Using the data that follows, give again word for word the lines between the one holding "在外部经济环境并不算宽松的背" and the one holding "Vorinclex, Voice of", inclusive. Omit the pictures.

- RECORDED DATA:

------------------------

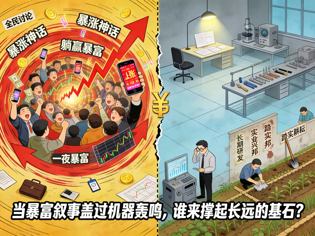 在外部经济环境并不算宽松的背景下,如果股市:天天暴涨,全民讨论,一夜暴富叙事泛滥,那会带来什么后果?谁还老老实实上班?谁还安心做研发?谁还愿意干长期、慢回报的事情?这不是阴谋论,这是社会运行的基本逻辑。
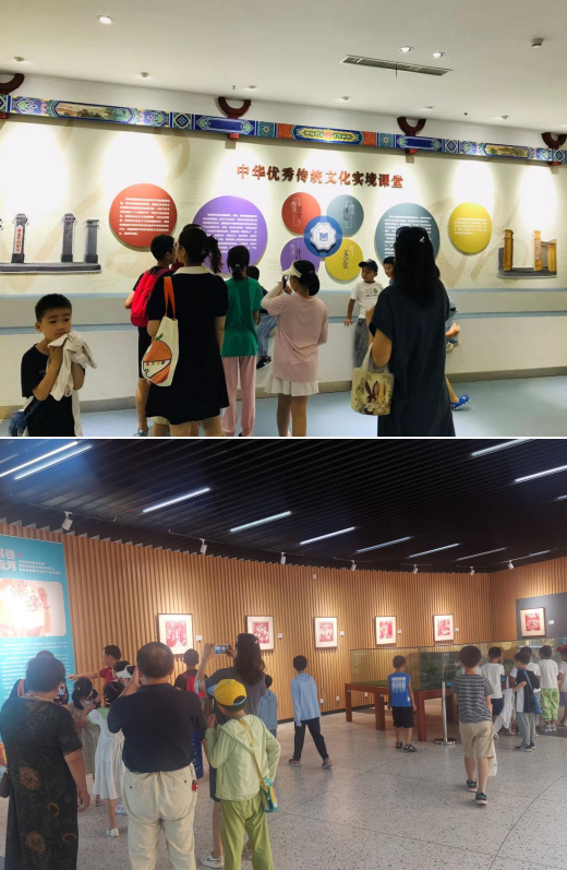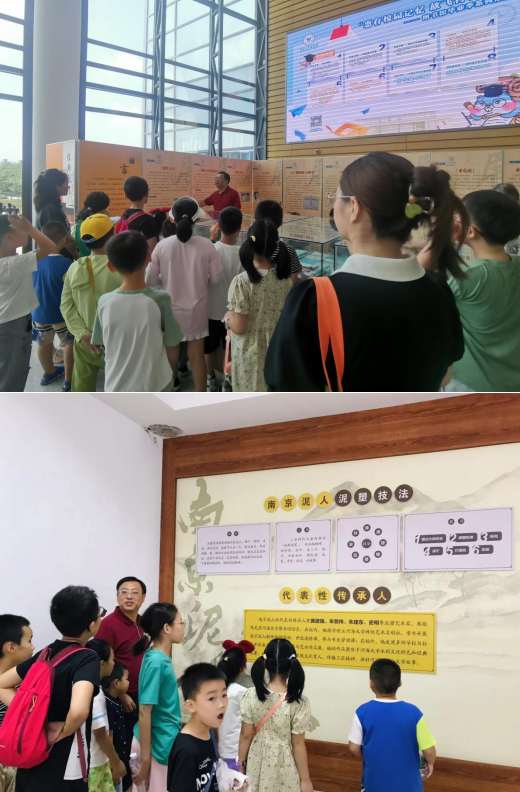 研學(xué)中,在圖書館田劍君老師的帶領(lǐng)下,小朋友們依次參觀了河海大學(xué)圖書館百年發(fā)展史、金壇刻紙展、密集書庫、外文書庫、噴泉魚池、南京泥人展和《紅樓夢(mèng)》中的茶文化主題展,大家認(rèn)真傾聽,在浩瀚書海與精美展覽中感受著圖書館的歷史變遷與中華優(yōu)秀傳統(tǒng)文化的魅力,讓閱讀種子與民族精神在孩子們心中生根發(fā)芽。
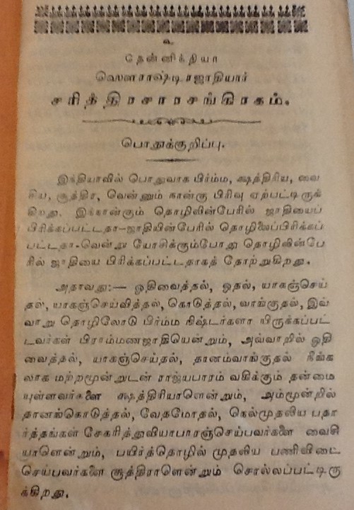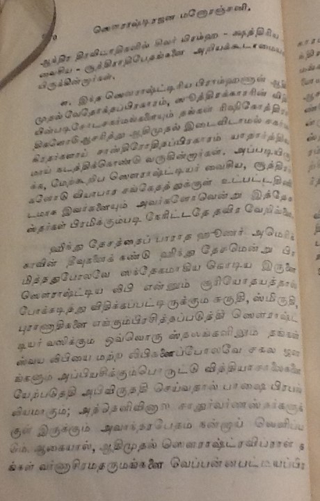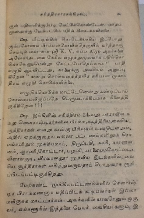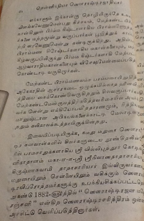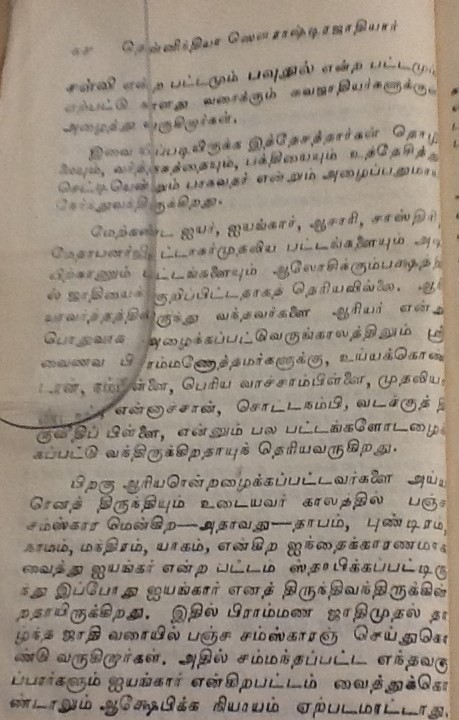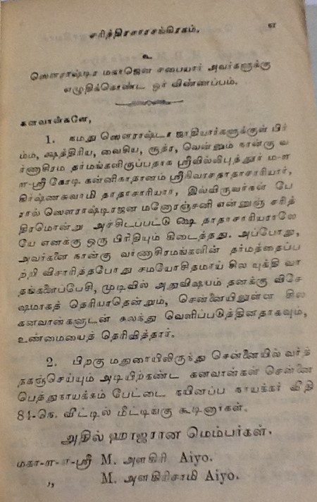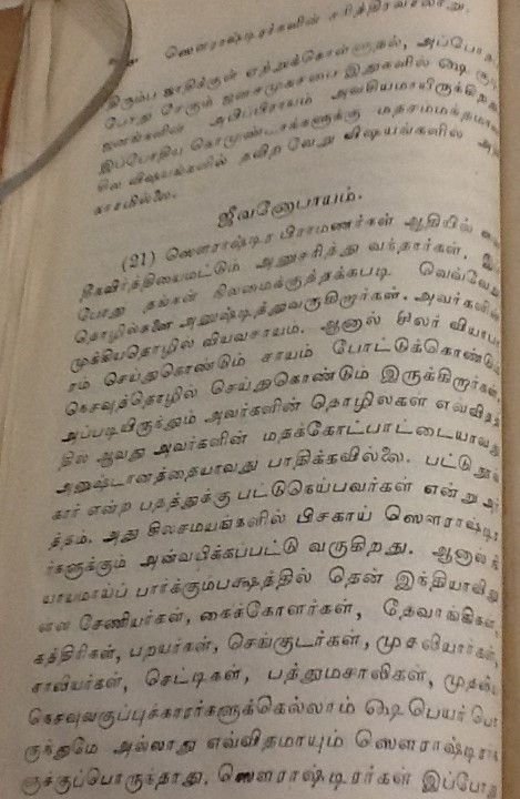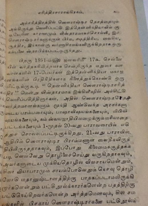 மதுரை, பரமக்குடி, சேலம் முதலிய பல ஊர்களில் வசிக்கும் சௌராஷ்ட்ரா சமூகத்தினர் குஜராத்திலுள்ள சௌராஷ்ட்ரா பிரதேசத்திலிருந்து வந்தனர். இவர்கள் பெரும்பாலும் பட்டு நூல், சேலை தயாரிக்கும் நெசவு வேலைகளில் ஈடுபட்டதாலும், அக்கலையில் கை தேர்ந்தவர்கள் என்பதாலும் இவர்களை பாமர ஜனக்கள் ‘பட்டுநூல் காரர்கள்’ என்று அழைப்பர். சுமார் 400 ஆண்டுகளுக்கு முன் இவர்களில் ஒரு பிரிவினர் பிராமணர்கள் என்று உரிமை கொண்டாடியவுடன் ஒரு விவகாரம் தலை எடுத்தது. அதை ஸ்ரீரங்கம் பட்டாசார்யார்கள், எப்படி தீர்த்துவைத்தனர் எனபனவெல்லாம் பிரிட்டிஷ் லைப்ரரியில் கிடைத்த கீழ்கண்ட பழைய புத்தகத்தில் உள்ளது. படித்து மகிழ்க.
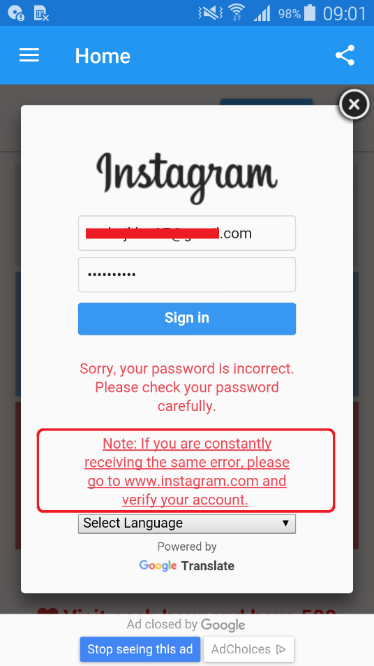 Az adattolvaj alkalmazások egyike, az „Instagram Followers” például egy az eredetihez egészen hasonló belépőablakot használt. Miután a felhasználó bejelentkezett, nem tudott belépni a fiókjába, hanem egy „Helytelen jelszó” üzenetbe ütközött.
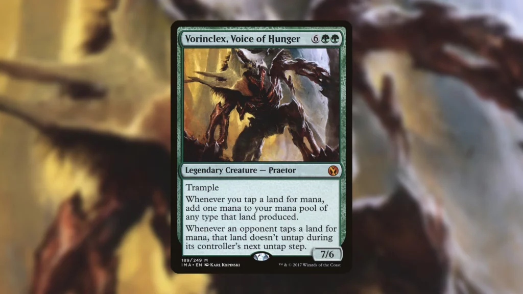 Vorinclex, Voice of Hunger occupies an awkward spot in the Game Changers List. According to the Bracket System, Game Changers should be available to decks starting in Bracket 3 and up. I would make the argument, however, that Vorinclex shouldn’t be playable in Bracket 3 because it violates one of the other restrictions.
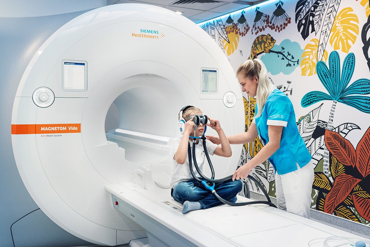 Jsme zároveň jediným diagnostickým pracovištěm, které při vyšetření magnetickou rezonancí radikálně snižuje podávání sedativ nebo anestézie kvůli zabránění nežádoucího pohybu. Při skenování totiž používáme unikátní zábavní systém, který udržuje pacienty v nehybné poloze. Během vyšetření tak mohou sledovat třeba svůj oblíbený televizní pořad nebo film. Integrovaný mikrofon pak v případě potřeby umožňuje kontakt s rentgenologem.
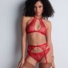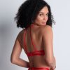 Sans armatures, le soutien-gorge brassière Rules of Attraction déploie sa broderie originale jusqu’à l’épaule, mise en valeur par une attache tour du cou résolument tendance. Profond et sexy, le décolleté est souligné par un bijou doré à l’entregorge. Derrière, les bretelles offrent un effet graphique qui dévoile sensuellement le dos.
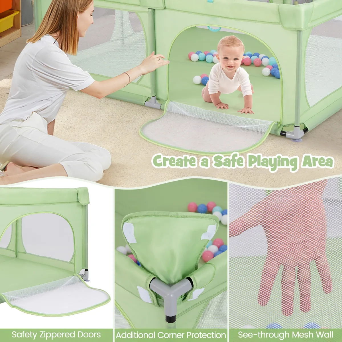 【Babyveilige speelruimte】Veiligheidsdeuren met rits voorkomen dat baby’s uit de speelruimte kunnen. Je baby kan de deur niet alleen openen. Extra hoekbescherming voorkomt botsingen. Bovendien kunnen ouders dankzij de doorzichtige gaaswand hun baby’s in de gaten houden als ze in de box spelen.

------------------------

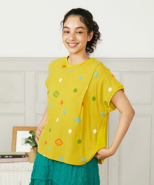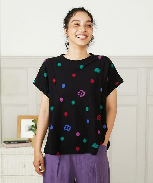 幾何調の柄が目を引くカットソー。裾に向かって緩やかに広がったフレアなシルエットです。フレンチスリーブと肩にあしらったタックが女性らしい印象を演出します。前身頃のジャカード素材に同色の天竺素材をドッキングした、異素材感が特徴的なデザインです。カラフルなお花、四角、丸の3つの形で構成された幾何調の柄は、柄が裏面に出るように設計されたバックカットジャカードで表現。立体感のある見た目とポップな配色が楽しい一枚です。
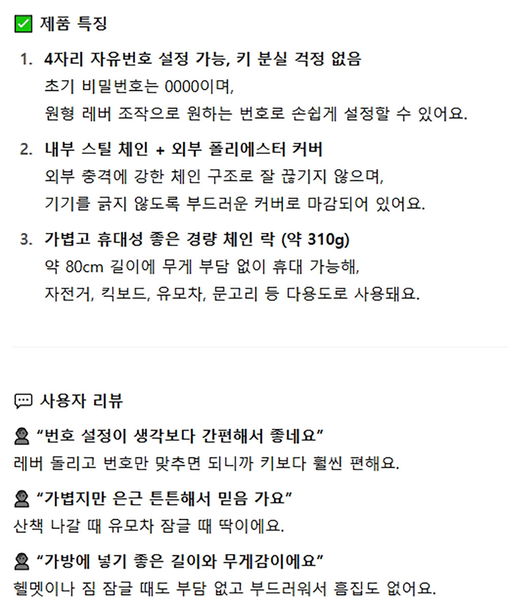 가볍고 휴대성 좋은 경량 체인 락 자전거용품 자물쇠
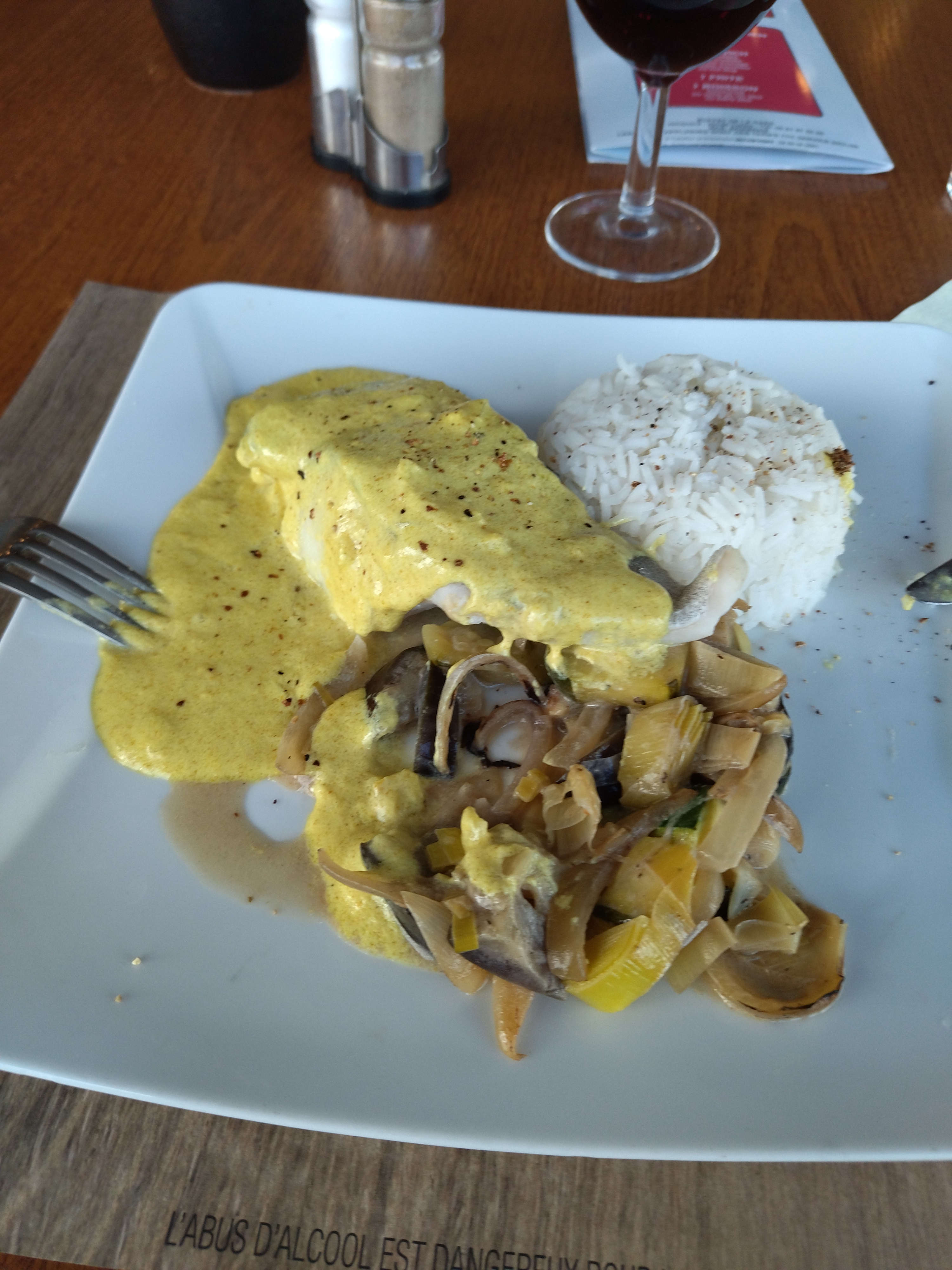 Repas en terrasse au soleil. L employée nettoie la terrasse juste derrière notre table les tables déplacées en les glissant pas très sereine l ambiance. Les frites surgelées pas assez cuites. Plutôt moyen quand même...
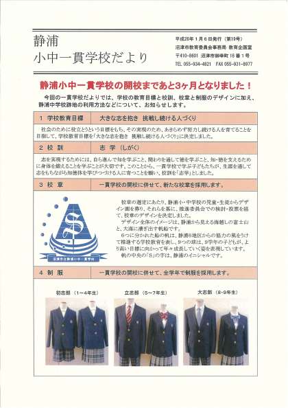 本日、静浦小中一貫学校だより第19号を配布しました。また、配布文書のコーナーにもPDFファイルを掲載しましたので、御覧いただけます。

------------------------

- SOLUTION BELOW:
 在外部经济环境并不算宽松的背景下,如果股市:天天暴涨,全民讨论,一夜暴富叙事泛滥,那会带来什么后果?谁还老老实实上班?谁还安心做研发?谁还愿意干长期、慢回报的事情?这不是阴谋论,这是社会运行的基本逻辑。
 研學(xué)中,在圖書館田劍君老師的帶領(lǐng)下,小朋友們依次參觀了河海大學(xué)圖書館百年發(fā)展史、金壇刻紙展、密集書庫、外文書庫、噴泉魚池、南京泥人展和《紅樓夢(mèng)》中的茶文化主題展,大家認(rèn)真傾聽,在浩瀚書海與精美展覽中感受著圖書館的歷史變遷與中華優(yōu)秀傳統(tǒng)文化的魅力,讓閱讀種子與民族精神在孩子們心中生根發(fā)芽。
 மதுரை, பரமக்குடி, சேலம் முதலிய பல ஊர்களில் வசிக்கும் சௌராஷ்ட்ரா சமூகத்தினர் குஜராத்திலுள்ள சௌராஷ்ட்ரா பிரதேசத்திலிருந்து வந்தனர். இவர்கள் பெரும்பாலும் பட்டு நூல், சேலை தயாரிக்கும் நெசவு வேலைகளில் ஈடுபட்டதாலும், அக்கலையில் கை தேர்ந்தவர்கள் என்பதாலும் இவர்களை பாமர ஜனக்கள் ‘பட்டுநூல் காரர்கள்’ என்று அழைப்பர். சுமார் 400 ஆண்டுகளுக்கு முன் இவர்களில் ஒரு பிரிவினர் பிராமணர்கள் என்று உரிமை கொண்டாடியவுடன் ஒரு விவகாரம் தலை எடுத்தது. அதை ஸ்ரீரங்கம் பட்டாசார்யார்கள், எப்படி தீர்த்துவைத்தனர் எனபனவெல்லாம் பிரிட்டிஷ் லைப்ரரியில் கிடைத்த கீழ்கண்ட பழைய புத்தகத்தில் உள்ளது. படித்து மகிழ்க.
 Az adattolvaj alkalmazások egyike, az „Instagram Followers” például egy az eredetihez egészen hasonló belépőablakot használt. Miután a felhasználó bejelentkezett, nem tudott belépni a fiókjába, hanem egy „Helytelen jelszó” üzenetbe ütközött.
 Vorinclex, Voice of Hunger occupies an awkward spot in the Game Changers List. According to the Bracket System, Game Changers should be available to decks starting in Bracket 3 and up. I would make the argument, however, that Vorinclex shouldn’t be playable in Bracket 3 because it violates one of the other restrictions.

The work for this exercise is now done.